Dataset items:
☆ ☆ ☆
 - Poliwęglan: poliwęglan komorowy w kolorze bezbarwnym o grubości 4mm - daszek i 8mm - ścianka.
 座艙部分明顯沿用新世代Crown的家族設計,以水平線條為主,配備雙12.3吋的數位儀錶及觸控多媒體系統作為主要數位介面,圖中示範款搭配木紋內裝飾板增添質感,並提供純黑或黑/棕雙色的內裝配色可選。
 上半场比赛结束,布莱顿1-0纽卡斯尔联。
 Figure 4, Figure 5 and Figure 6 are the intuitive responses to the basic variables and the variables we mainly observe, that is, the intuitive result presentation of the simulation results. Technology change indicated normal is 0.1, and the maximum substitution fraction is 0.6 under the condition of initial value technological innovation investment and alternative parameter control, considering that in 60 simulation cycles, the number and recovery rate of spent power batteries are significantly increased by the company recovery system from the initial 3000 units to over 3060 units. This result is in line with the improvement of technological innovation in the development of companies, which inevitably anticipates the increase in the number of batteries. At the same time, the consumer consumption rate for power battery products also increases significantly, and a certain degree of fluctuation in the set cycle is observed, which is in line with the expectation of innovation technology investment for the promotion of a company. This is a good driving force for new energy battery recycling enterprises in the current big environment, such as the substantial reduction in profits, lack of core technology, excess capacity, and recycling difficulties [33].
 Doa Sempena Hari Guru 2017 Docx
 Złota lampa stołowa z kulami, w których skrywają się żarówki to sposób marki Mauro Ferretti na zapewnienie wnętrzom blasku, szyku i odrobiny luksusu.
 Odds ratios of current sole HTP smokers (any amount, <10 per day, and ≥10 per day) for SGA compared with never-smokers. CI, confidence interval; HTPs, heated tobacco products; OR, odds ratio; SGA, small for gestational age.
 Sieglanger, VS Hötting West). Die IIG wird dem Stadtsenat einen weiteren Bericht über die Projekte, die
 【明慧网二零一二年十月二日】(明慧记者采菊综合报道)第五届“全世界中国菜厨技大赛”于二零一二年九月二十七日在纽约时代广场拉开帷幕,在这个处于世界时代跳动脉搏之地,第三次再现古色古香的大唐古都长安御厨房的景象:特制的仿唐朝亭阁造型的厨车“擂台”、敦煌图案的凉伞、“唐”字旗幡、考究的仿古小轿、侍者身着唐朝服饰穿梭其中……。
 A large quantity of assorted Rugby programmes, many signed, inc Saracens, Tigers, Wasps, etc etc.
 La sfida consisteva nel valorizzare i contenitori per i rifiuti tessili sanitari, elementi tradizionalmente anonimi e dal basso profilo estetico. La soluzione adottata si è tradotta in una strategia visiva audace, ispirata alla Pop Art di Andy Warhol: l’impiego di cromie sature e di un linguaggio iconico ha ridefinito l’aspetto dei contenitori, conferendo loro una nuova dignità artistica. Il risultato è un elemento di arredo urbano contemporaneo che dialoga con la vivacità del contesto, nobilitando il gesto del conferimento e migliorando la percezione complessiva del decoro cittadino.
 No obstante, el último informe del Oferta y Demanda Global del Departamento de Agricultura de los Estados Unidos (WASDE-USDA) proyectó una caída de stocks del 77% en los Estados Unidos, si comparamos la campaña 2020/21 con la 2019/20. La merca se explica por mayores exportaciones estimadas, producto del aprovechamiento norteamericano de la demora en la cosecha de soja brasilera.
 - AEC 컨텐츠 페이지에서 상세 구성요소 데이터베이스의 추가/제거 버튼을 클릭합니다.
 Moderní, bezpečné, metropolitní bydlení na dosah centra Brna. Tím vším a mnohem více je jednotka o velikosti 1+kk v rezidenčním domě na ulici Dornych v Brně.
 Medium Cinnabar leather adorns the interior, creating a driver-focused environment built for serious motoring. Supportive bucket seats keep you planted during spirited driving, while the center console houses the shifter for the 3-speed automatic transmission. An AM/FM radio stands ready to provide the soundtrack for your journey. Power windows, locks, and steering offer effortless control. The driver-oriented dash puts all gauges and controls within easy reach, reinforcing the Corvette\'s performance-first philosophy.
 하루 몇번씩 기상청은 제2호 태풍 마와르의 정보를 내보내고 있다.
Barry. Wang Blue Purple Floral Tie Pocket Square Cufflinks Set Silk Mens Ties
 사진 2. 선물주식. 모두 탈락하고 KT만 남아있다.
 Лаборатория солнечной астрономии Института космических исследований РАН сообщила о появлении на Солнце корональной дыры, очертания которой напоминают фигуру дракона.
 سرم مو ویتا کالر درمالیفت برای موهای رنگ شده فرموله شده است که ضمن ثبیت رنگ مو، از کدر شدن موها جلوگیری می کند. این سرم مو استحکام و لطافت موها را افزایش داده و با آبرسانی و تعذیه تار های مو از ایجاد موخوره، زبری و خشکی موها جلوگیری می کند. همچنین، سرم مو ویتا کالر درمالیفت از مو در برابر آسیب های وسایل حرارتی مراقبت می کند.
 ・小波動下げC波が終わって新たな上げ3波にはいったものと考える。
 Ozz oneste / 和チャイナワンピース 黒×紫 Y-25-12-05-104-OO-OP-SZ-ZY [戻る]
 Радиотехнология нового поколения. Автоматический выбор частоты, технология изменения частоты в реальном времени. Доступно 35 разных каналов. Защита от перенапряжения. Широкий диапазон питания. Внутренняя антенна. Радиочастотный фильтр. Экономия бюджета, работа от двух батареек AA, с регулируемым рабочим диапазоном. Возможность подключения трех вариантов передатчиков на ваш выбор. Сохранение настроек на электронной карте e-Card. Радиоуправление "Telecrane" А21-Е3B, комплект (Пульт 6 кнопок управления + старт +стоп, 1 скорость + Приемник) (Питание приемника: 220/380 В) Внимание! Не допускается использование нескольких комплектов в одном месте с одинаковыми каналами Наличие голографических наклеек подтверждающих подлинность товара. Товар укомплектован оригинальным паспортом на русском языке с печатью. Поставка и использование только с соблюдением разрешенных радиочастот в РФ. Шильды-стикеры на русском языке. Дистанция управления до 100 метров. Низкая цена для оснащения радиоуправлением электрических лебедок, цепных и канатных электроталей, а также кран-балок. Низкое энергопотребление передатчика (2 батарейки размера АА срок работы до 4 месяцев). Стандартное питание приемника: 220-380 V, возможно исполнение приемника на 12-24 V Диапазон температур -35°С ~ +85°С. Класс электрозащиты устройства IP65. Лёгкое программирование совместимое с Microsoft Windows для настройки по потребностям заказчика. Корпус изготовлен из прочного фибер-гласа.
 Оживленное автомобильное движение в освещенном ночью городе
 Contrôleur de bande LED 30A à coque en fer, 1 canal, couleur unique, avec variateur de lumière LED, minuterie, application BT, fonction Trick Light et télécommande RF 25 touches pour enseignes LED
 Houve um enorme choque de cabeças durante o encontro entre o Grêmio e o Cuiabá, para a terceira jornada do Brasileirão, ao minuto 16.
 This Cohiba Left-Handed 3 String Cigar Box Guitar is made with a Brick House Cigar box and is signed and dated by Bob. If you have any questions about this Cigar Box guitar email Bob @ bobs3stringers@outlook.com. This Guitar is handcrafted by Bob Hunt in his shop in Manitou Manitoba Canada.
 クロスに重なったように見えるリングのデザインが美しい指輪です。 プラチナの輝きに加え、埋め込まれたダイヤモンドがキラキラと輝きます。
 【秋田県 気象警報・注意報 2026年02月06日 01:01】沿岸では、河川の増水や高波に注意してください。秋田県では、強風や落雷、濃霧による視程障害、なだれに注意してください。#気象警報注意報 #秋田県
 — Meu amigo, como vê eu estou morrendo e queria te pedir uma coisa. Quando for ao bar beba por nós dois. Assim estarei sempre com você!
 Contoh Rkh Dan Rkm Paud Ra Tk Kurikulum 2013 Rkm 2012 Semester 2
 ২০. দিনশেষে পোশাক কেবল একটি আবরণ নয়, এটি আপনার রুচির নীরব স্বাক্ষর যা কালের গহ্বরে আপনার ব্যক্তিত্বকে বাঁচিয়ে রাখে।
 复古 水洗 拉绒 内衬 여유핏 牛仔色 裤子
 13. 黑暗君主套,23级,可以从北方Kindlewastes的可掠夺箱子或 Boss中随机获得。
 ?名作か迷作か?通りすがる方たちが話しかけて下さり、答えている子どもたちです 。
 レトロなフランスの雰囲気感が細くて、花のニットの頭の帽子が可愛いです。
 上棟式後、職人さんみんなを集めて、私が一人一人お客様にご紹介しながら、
☆ ☆ ☆
_Activity_.
Please copy only these lines, exactly: the first line of the records through the line containing "Złota lampa stołowa", ends included.

_Exercise result_.
 - Poliwęglan: poliwęglan komorowy w kolorze bezbarwnym o grubości 4mm - daszek i 8mm - ścianka.
 座艙部分明顯沿用新世代Crown的家族設計,以水平線條為主,配備雙12.3吋的數位儀錶及觸控多媒體系統作為主要數位介面,圖中示範款搭配木紋內裝飾板增添質感,並提供純黑或黑/棕雙色的內裝配色可選。
 上半场比赛结束,布莱顿1-0纽卡斯尔联。
 Figure 4, Figure 5 and Figure 6 are the intuitive responses to the basic variables and the variables we mainly observe, that is, the intuitive result presentation of the simulation results. Technology change indicated normal is 0.1, and the maximum substitution fraction is 0.6 under the condition of initial value technological innovation investment and alternative parameter control, considering that in 60 simulation cycles, the number and recovery rate of spent power batteries are significantly increased by the company recovery system from the initial 3000 units to over 3060 units. This result is in line with the improvement of technological innovation in the development of companies, which inevitably anticipates the increase in the number of batteries. At the same time, the consumer consumption rate for power battery products also increases significantly, and a certain degree of fluctuation in the set cycle is observed, which is in line with the expectation of innovation technology investment for the promotion of a company. This is a good driving force for new energy battery recycling enterprises in the current big environment, such as the substantial reduction in profits, lack of core technology, excess capacity, and recycling difficulties [33].
 Doa Sempena Hari Guru 2017 Docx
 Złota lampa stołowa z kulami, w których skrywają się żarówki to sposób marki Mauro Ferretti na zapewnienie wnętrzom blasku, szyku i odrobiny luksusu.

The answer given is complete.